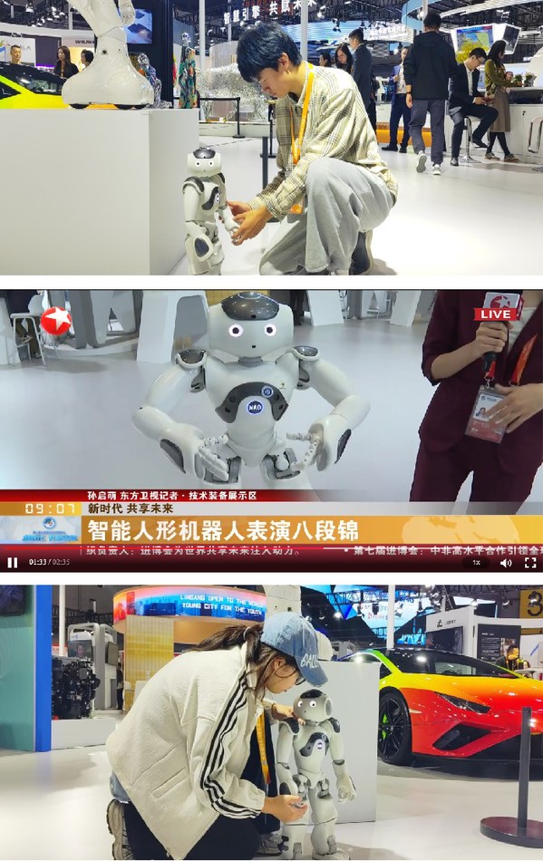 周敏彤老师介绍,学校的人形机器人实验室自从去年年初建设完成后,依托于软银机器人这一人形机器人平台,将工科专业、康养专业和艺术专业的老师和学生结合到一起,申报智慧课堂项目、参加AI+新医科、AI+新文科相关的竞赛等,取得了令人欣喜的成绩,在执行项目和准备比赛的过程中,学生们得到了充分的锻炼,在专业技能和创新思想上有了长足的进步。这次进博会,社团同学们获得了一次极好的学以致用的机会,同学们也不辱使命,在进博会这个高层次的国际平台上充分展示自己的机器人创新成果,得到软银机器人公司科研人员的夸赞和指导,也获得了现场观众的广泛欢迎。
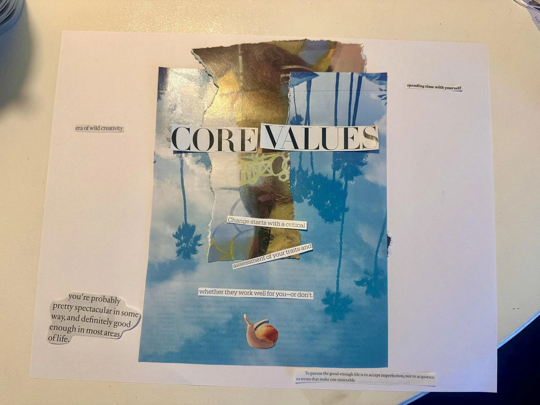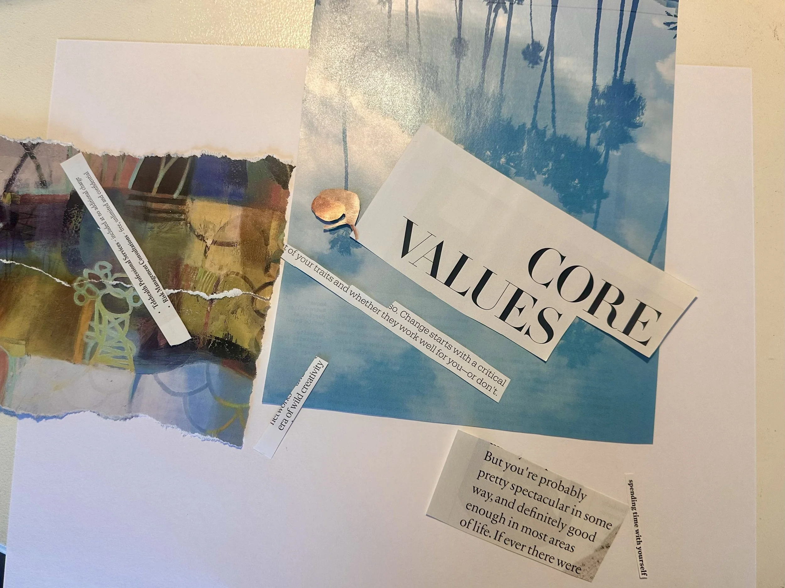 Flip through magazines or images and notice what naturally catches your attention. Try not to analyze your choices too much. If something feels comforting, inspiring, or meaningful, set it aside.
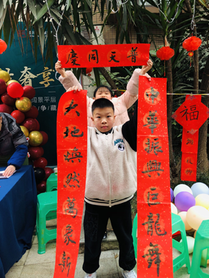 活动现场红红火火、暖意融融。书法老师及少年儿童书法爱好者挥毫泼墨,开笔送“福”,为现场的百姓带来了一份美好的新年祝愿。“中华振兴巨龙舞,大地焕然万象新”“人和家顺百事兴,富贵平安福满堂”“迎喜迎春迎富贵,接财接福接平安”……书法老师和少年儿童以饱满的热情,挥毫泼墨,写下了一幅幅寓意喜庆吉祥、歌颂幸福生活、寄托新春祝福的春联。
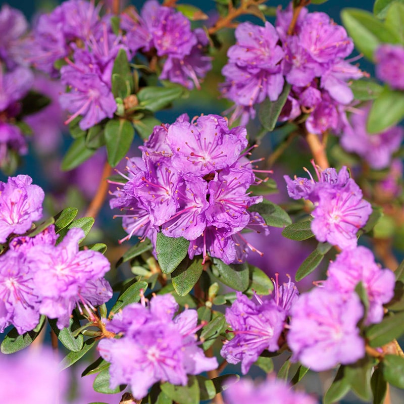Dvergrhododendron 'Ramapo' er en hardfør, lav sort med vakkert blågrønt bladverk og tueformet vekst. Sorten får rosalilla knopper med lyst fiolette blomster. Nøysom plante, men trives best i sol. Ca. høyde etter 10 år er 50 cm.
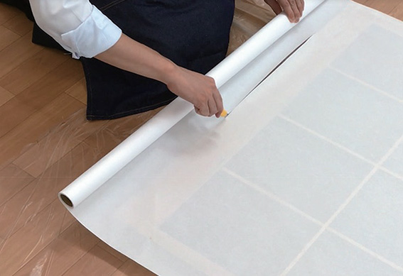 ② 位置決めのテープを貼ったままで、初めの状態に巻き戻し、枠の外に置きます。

What you have to do.
Repeat the records in full and exactly, leaving every picture out.

Expected output.
 周敏彤老师介绍,学校的人形机器人实验室自从去年年初建设完成后,依托于软银机器人这一人形机器人平台,将工科专业、康养专业和艺术专业的老师和学生结合到一起,申报智慧课堂项目、参加AI+新医科、AI+新文科相关的竞赛等,取得了令人欣喜的成绩,在执行项目和准备比赛的过程中,学生们得到了充分的锻炼,在专业技能和创新思想上有了长足的进步。这次进博会,社团同学们获得了一次极好的学以致用的机会,同学们也不辱使命,在进博会这个高层次的国际平台上充分展示自己的机器人创新成果,得到软银机器人公司科研人员的夸赞和指导,也获得了现场观众的广泛欢迎。
 Flip through magazines or images and notice what naturally catches your attention. Try not to analyze your choices too much. If something feels comforting, inspiring, or meaningful, set it aside.
 活动现场红红火火、暖意融融。书法老师及少年儿童书法爱好者挥毫泼墨,开笔送“福”,为现场的百姓带来了一份美好的新年祝愿。“中华振兴巨龙舞,大地焕然万象新”“人和家顺百事兴,富贵平安福满堂”“迎喜迎春迎富贵,接财接福接平安”……书法老师和少年儿童以饱满的热情,挥毫泼墨,写下了一幅幅寓意喜庆吉祥、歌颂幸福生活、寄托新春祝福的春联。
Dvergrhododendron 'Ramapo' er en hardfør, lav sort med vakkert blågrønt bladverk og tueformet vekst. Sorten får rosalilla knopper med lyst fiolette blomster. Nøysom plante, men trives best i sol. Ca. høyde etter 10 år er 50 cm.
 ② 位置決めのテープを貼ったままで、初めの状態に巻き戻し、枠の外に置きます。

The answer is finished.